To determine the maximum respiration rate and affinity for acetone and 2‐propanol, respiratory kinetics were measured using 0–10 μM acetone (Figure 3A) and 0–50 μM 2‐propanol (Figure 3B), with SolV cells grown on these respective substrates. Michaelis–Menten fits of the oxygen consumption data showed a maximum respiration rate of 95.5 ± 1.2 μmol O_2_·min^−1^·g DW^−1^ on acetone, with an apparent affinity of 0.4 ± 0.02 μM acetone. For 2‐propanol, the maximum respiration rate of 120 ± 7.9 μmol O_2_·min^−1^·g DW^−1^ was determined, with an apparent affinity of 5.4 ± 1.0 μM for 2‐propanol.
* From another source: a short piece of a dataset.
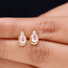 Celebrate your anniversary with the most timeless and cherished gift: a pair of Natural Gemstone Stud Earrings. These exquisite earrings feature the romantic beauty of Pear Cut Rose Quartz, elegantly cradled in a secure Prong Setting, and are gracefully complemented by the sparkle of Diamonds. Rest assured, our commitment to quality is unwavering, as all our gemstones are certified and subjected to rigorous quality assessments, ensuring you gift your loved one nothing less than the finest craftsmanship on this special occasion.

Oxygen consumption of acetone‐grown cells on varying acetone (A) and 2‐propanol‐grown cells on varying 2‐propanol (B) concentrations. Black lines represent a curve fit using Michaelis–Menten kinetics. Data is represented as the mean with error bars indicating standard deviation (n = 3).
Transcriptomic Analysis on 2‐Propanol & Acetone
3.2
To investigate the metabolic pathways responsible for 2‐propanol and acetone conversion in M. fumariolicum SolV, RNAseq was performed on steady‐state chemostat cultures utilising 2‐propanol and acetone for growth, respectively. These data were compared with previous RNAseq data on a methane‐grown steady‐state chemostat culture (Schmitz et al. 2023) to determine up/downregulation of specific genes. Several genes were significantly upregulated (log_2_FC ≥ 2 and padj ≤ 0.5) in cells growing on 2‐propanol/acetone, compared to methane (Supplementary Table S1). Amongst these genes, 20 were annotated as unknown proteins and transposases, whereas 35 genes involved in major metabolic pathways were identified (Supplementary Table S2). The most striking difference was observed in a gene cluster (Mfumv2_1600–1612, Figure 4) containing the pmoCAB3 operon (Mfumv2_1604–1606). This cluster is barely expressed with methane as an energy source (8–500 TPM), but highly expressed under 2‐propanol/acetone growth (1500–47,000 TPM; 20‐330‐fold upregulation). Besides a copy of pMMO, this cluster contains genes encoding a putative alcohol dehydrogenase (wrba1, Mfumv2_1600), an unknown beta‐barrel containing membrane protein (Mfumv2_1601), PEP synthetase (ppsA, Mfumv2_1602), lactoylglutathione lyase (glyoxalase I, gloA, Mfumv2_1606), GMC‐type oxidoreductase (gmcAB, Mfumv2_1609–1610) and D‐lactate dehydrogenase (glcF and glcD, Mfumv2_1611–1612). These enzymes could be involved in the downstream pathway of acetone/2‐propanol oxidation. In addition, a putative particulate methane monooxygenase subunit D (pmoD, Mfumv2_1603) is part of this highly upregulated gene cluster (1987 TMP, 233‐fold upregulation). PmoD is a membrane protein with a C‐terminal transmembrane helix with the proposed function as a transport protein. Recently, direct evidence for the involvement of PmoD in acetone oxidation was described (Chau et al. 2022). The PmoD encoding gene from strain IT6 was heterologously expressed in Methylomonas sp. DH‐1. The coupling with its endogenous pMMO resulted in a boost in acetol production from acetone by cell suspensions. However, the specific mechanism by which PmoD assists the pMMO3 complex in acetone oxidation remains elusive.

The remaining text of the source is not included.